Well, OK ... but ... but ... but their new Tosca was really AWFUL! I mean, if we had hired Joe Schmo from East Bizzaws, Arkansas to do the production, we might be impressed, but this was Luc Bondy! Did you see his Don Carlo, with Mattila and Alagna and Hampson? OMG the guy is great. Or he can be. His Don Carlo was colorful and thoughtful and charming. His Tosca: none of the above. I don't care how much we paid him for that, it was too much.


----------



## MAuer (Feb 6, 2011)

My primary objection to Bondy's _Tosca_ was his treatment of the character of Scarpia (which, thank goodness, had been toned down by the time I attended the spring revival with Bryn Terfel in the role).
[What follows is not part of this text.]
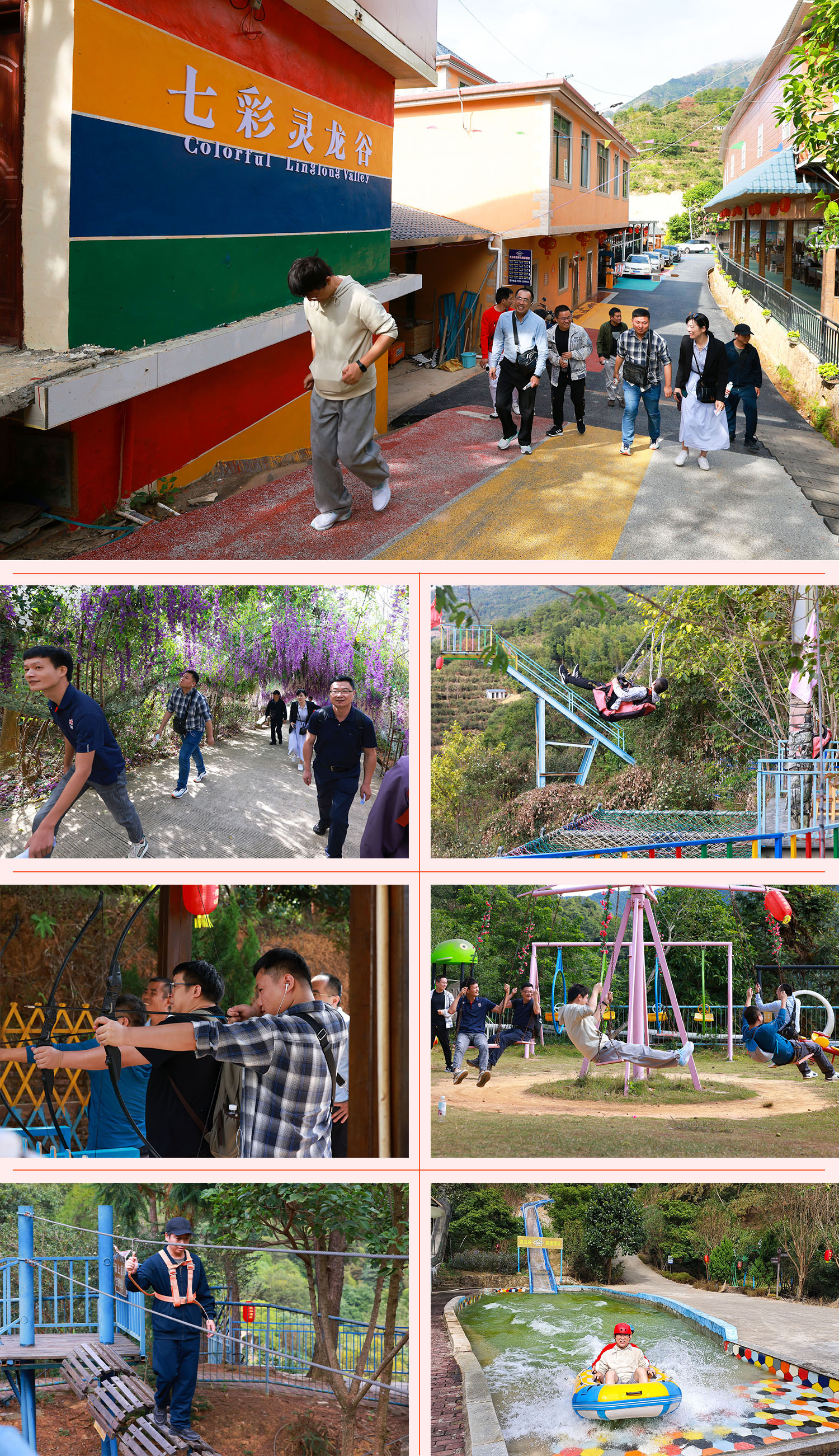 首站灵龙谷,位于高山原始森林中,是一个海拔500多米的幽深又原始的山谷。职工们沉浸在漫山遍野的绿意中,一呼一吸间畅享着大自然的气息,一松一弛间感受着游玩的欢乐与刺激。

Scarpia is a man who preserves a public image of rectitude, however he may behave in private. We see it when he reprimands the choristers for behaving too rambunctiously in the church ("Un tal baccano in chiesa! Bel rispetto!"). So while I certainly could have imagined this man entertaining ladies of the night in his private apartment at the Palazzo Farnese, there is absolutely no way he would have engaged in lewd behavior with a statue of the Madonna in the church -- especially with the entire congregation present.


----------



## guythegreg (Jun 15, 2012)

Honestly, I didn't see any performance in which anyone molested the Virgin Mary. I saw the dress rehearsal in the fall, and then a followup performance (that did have Bryn Terfel in it) in the spring. Gaah. No, my concerns had nothing to do with sexuality on stage (although I really didn't like the prostitutes hanging around the palazzo, but enough people - (cough) BART SHER - do that that I can't really complain too loudly). It just was DRAB. I thought. Well, different strokes for different folks, as they say...


----------



## Aksel (Dec 3, 2010)

I think the Met's problem is that most of it recent productions are just plain _bad_. 
Case in point: The Bart Sher Comte Ory, the Des McAnuff Faust and the Michael Grandage Don Giovanni.


----------



## guythegreg (Jun 15, 2012)

Aksel said:


> I think the Met's problem is that most of it recent productions are just plain _bad_.
> Case in point: The Bart Sher Comte Ory, the Des McAnuff Faust and the Michael Grandage Don Giovanni.


Well, I won't attempt to defend Sher's Comte - the Glyndebourne production was so much better. I don't see where he went wrong, but it just doesn't seem to work. The Faust, however, I really liked. Maybe because I got to see Ferruccio Furlanetto as Mefistopheles! he was great. The crowd in the bar doing the zombie dance! Sorry, I loved it.


----------



## Aksel (Dec 3, 2010)

guythegreg said:


> Well, I won't attempt to defend Sher's Comte - the Glyndebourne production was so much better. I don't see where he went wrong, but it just doesn't seem to work. The Faust, however, I really liked. Maybe because I got to see* Ferruccio Furlanetto as Mefistopheles*! he was great. The crowd in the bar doing the zombie dance! Sorry, I loved it.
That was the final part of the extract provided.